Loper v. Weather Shield Mfg., Inc., — So.3d —-, 2015 WL 3875549 (Fla. 1st DCA 2015).
An oral promise to not sue in exchange for new house windows reaching the end of their warranty period is enforceable and not illusory as it supported by consideration (an agreement to not sue) and definite in time (the upcoming end of the warranty period). Any application of the Statute of Frauds is limited by equitable estoppel.
Silver Shells Corp. v. St. Maarten at Silver Shells Condominium Ass’n, Inc., — So.3d —-, 2015 WL 3875556 (Fla. 1st DCA 2015).
The five-year statute of limitations for condominium associations to bring actions to recover property improperly removed by the developer begins to run on turnover of the association, not the date of removal of the property.
Channell v. Deutsche Bank Nat. Trust Co., — So.3d —-, 2015 WL 3875949 (Fla. 2d DCA 2015).

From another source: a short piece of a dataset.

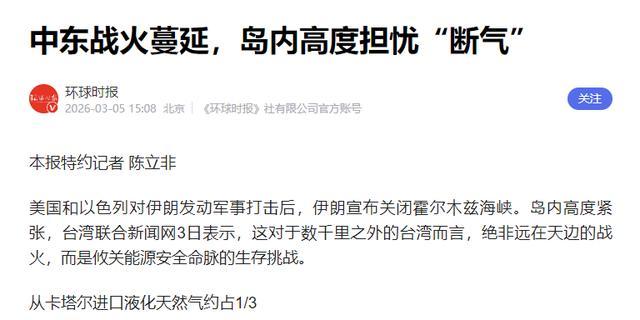 中东海运受阻官方,台岛深陷动力危机,自然气储备只够8天,大陆不要上赶着帮衬。
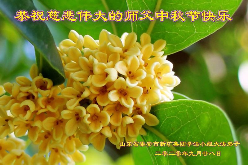泰安市新矿集团全体大法弟子恭祝师尊中秋节快乐! 二零二零年九月廿八日 山东省泰安市新矿集团学法小组大法弟子恭祝慈悲伟大的师父中秋节快乐!

A foreclosing lender’s mere reliance on a previous servicer’s records is, without more, insufficient to establish the predicate for the Business Records Exception to the Hearsay Rule. A subsequent lender may lay the foundation by independently establishing the accuracy of the records (per WAMCO XXVIII, Ltd. v. Integrated Electronic Environments, Inc., 903 So.2d 230 (Fla. 2d DCA 2005)) or reviewing the records for accuracy prior to integrating the prior records into the lender’s own records (Bank of N.Y. v. Calloway, 157 So.3d 1064 (Fla. 4th DCA 2015)).
Bennett v. Walton County, — So.3d —-, 2015 WL 3824197 (Fla. 1st DCA 2015).
Substantive due process challenges to zoning regulations are reviewed under the rational basis test. Prohibiting the use of residential property for paid events is “facially” permissible, and “as applied” permissible as the term “non-residential” sufficiently conveys the restriction imposed by the local government.
Texas Dept. of Housing and Community Affairs v. Inclusive Communities Project, Inc., — S.Ct. —-, 2015 WL 2473449 (2015).
Disparate impact claims are cognizable under the Fair Housing Act, 42 U.S.C.A. §§ 3604(a), 3605(a).
Kimble v. Marvel Entertainment, LLC, — S.Ct. —-, 2015 WL 2473380 (2015).
A patent holder cannot charge royalties after the patent term expires.
Horne v. Department of Agriculture, — S.Ct. —-, 2015 WL 2473384 (2015).
The Taking Clause of the United States Constitution applies to personal as well as real property.
Tartell v. South Florida Sinus and Allergy Center, Inc., — F.3d —-, 2015 WL 3857338 (11th Cir. 2015).
There is no Lanham Act violation for cybersquatting and unfair competition arising out the use of a name in a website unless the name has acquired secondary meaning.